Ils l’ont fait. Ils ont vraiment osé. Enterrer un criminel de guerre avec plus de faste qu’un roi, et appeler ça des funérailles d’État. Nebojša Pavković, condamné à 22 ans de prison par le Tribunal pénal international pour l’ex-Yougoslavie pour crimes contre l’humanité au Kosovo – massacres, déportations, villages rasés –, est mort en détention en 2024. Et hier, la Serbie a décidé que ça valait une célébration nationale. Oui, une célébration.
À Belgrade, le spectacle était digne d’un film de propagande. Salves d’honneur, fanfare militaire, gerbes officielles.
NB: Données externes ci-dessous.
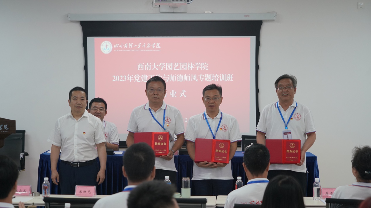 结业式上,“两弹一星”干部公司副经理梁朝元为培训班成员颁发了结业证书。公司党支部书记、辅导员吴超老师作为学员代表发言,他表示“两弹一星”精神蕴含着丰富的时代价值和现实意义,要在工作实际当中不断领悟,努力让“两弹一星”精神在新时代、新征程中发扬光大。宋洪元作培训总结,感谢四川两弹一星干部公司为本次培训所做的精心组织和周密安排,并寄语学员们要在学习贯彻习近平新时代中国特色社会主义思想中,在提升党务工作质量实效,加强师德师风教育建设中大力弘扬“两弹一星”精神,让更多的党员感受到“两弹一星”精神,感悟初心使命,激发爱国奋斗力量。
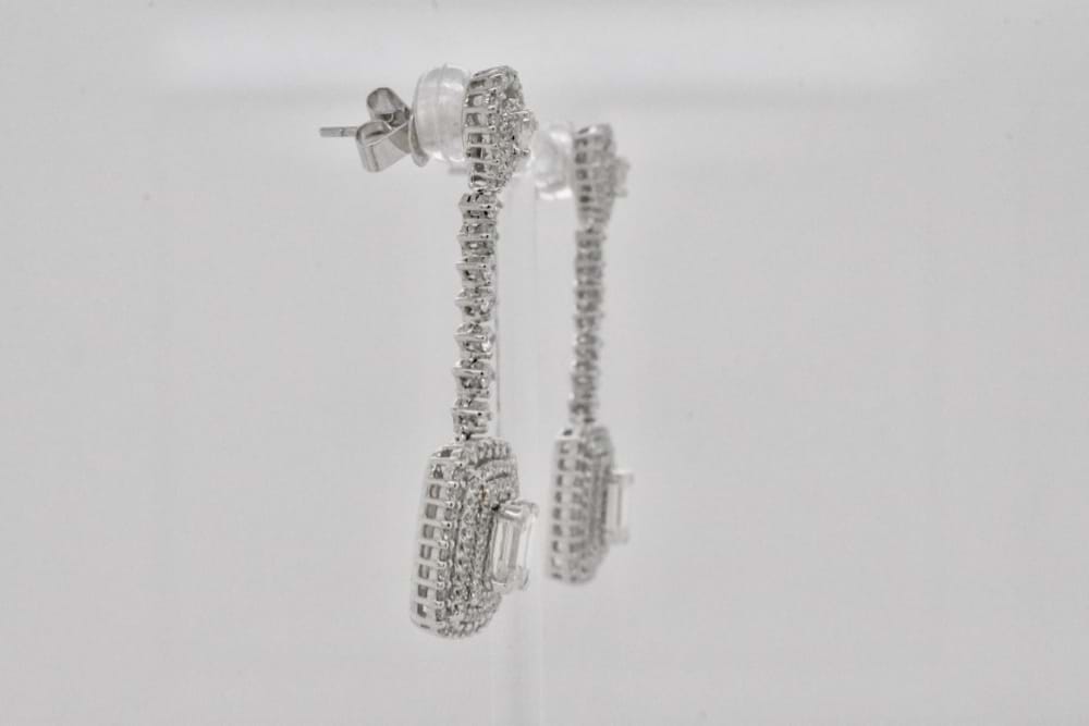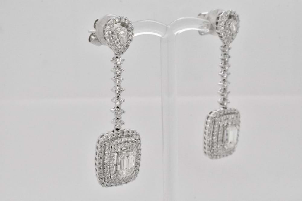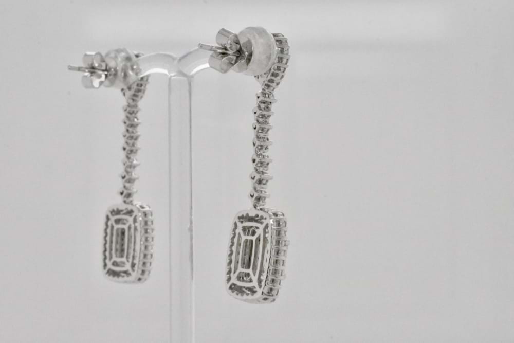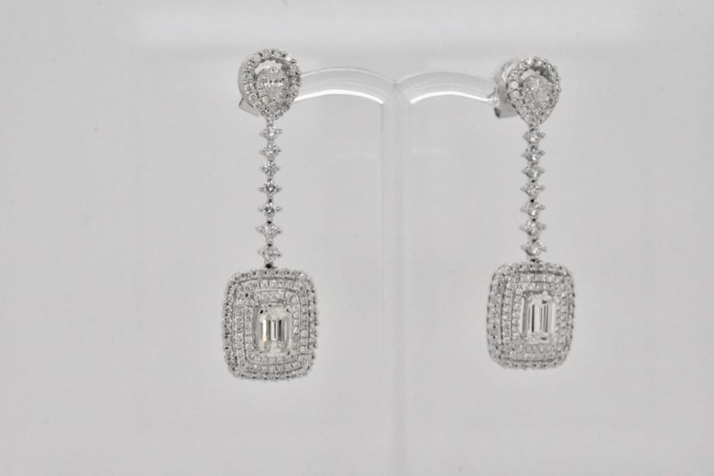 Absolutely breathtaking! These incredible earring pendants each contains a central 0.67ct emerald cut diamond surrounded by three halos of shimmering round brilliant cut diamonds- this feature is suspended from seven round brilliant cuts individually claw set in a vertical drop and a sparkling 0.07ct pear shape diamond stud which is also hugged by two halos of round diamonds. Crafted in 18ct white gold these timeless and beautiful earrings have a total diamond content of 3.04cts. Perfect wedding, or event earrings. Independent Valuation Supplied
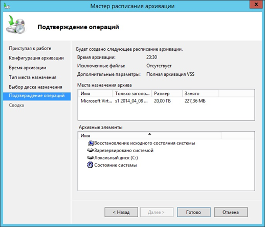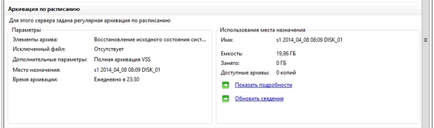 После того, как настройка будет выполнена, в панели системы архивации данных появится запись о расписании архивации
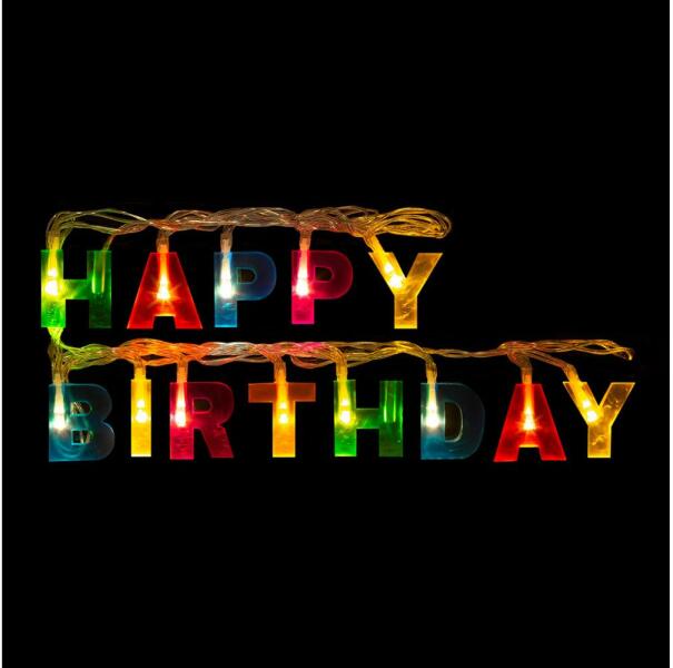 Díszlánc BOLDOG SZÜLETÉSNAPOT felirattal. Világítás színe: meleg fehér. Kábel hossza: 25 cm. 2x AA elemmel működik (nem tartozék).
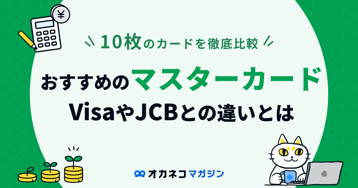 本記事では、当メディアがおすすめするマスターカードを厳選して10枚紹介します。VisaやJCBとの違い、マスターカードのメリット・デメリットについても解説しているので、マスターカードを検討している方は参考にしてください。
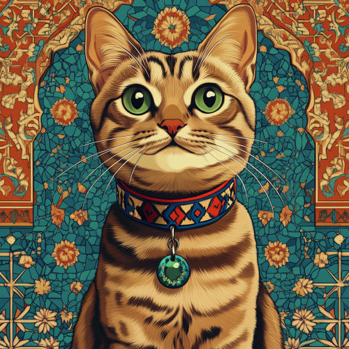 Create a 1080x1080 advertising poster featuring different styles of Moroccan cat collars displayed on a stylish table. The collars should showcase a variety of traditional Moroccan patterns and vibrant colors, such as reds, blues, and greens. The table should have an elegant surface, possibly adorned with Moroccan tiles or a textured fabric. Ensure the focus is on the collars, highlighting their unique designs and craftsmanship. Aim for a visually appealing layout that captures the essence of Moroccan culture and attracts cat lovers.
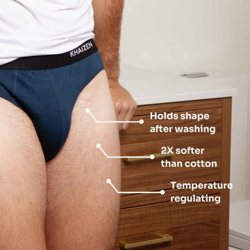 KHAIZEN Underwear gives you all-day support without losing its fit. The buttery soft TENCEL™ fabric is stretchy and embraces your shape. The pouch for your package is more flexible and roomy to prevent a tight feeling.
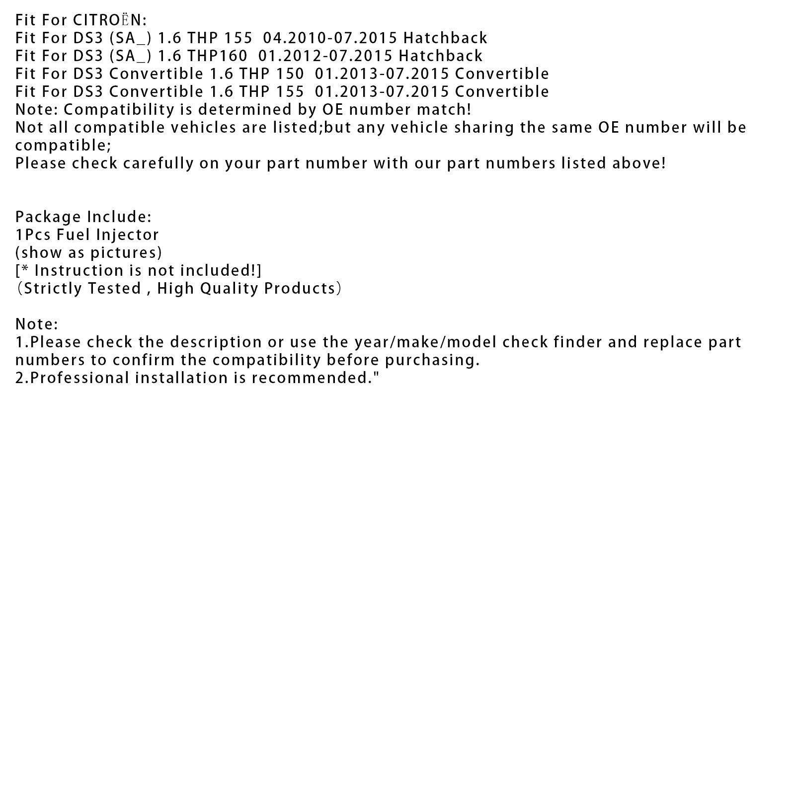 1. Bitte überprüfen Sie vor dem Kauf die Beschreibung oder verwenden Sie die Teilenummern-Prüfung (Jahr/Marke/Modell) und vergleichen Sie die Teilenummern, um die Kompatibilität zu bestätigen.
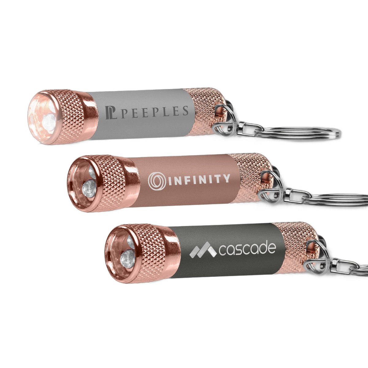 Customers will love the rose gold trim and metallic soft-touch barrel on this super-stylish and functional LED flashlight keyring. This 3-LED flashlight shines a bright white light, and includes a keyring to help keep this flashlight always at the ready, right when you need it. . 3- LR44-Batteries Included. Complies with Prop 65. 2.68" H x 0.56" W x 0.56" D

Le ministre de la Défense a même osé parler d’un « soldat qui a défendu la patrie ». Quant à Aleksandar Vučić, le président, il a brillé par son absence et son silence : une complicité discrète mais efficace. Pavković n’était pas un criminel, non, c’était un héros. Enfin, aux yeux de ceux qui n’ont jamais rencontré les victimes de ses ordres.
Au Kosovo, l’ironie se transforme en rage. « Ils osent enterrer avec gloire celui qui a ordonné le massacre de nos familles ? », s’étrangle Bekim Blakaj, directeur du Fonds humanitaire du Kosovo. À Mitrovica-Nord, des portraits de Pavković sont partis en fumée sur les trottoirs. À Pristina, le Premier ministre Albin Kurti a dénoncé une « réhabilitation officielle du génocide ». Pendant ce temps, l’Occident se contente de murmures diplomatiques : Human Rights Watch parle d’un « signal dangereux », Amnesty International regrette que « la Serbie piétine la mémoire des victimes », et l’UE appelle à « la retenue ».
Et alors, au bout du compte, le cercueil descend, la fanfare joue, les gerbes s’alignent… et le monde, lui, se félicite d’avoir respecté le protocole. Du grand art bureaucratique, à défaut d’humanité.